• _Work request_:
Every line of the material below needs to be copied exactly; omit the pictures.

• _Data block_:
__________________________________________________
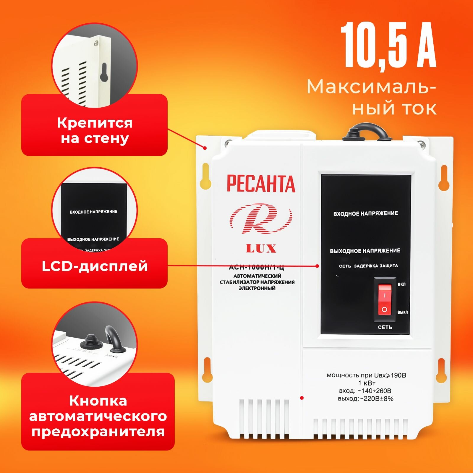 РЕСАНТА LUX ACH-2000Н/1-Ц Стабилизатор напряжения, настенный, однофазный, цифровой 2 кВт
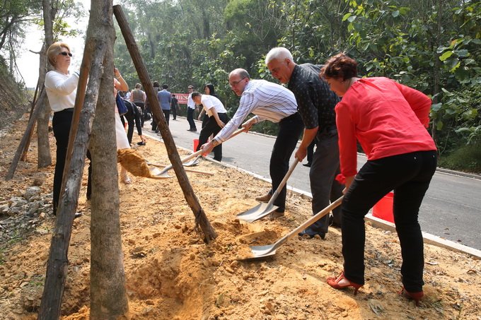 德國(guó)中小企業(yè)經(jīng)理人一行與揭陽(yáng)市領(lǐng)導(dǎo)及企業(yè)家在中德萬(wàn)畝森林公園共植友誼樹(shù)
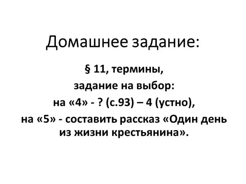 - на «5» - составить рассказ «Один день из жизни крестьян.
__________________________________________________
• _Reply_:
 РЕСАНТА LUX ACH-2000Н/1-Ц Стабилизатор напряжения, настенный, однофазный, цифровой 2 кВт
 德國(guó)中小企業(yè)經(jīng)理人一行與揭陽(yáng)市領(lǐng)導(dǎo)及企業(yè)家在中德萬(wàn)畝森林公園共植友誼樹(shù)
 - на «5» - составить рассказ «Один день из жизни крестьян.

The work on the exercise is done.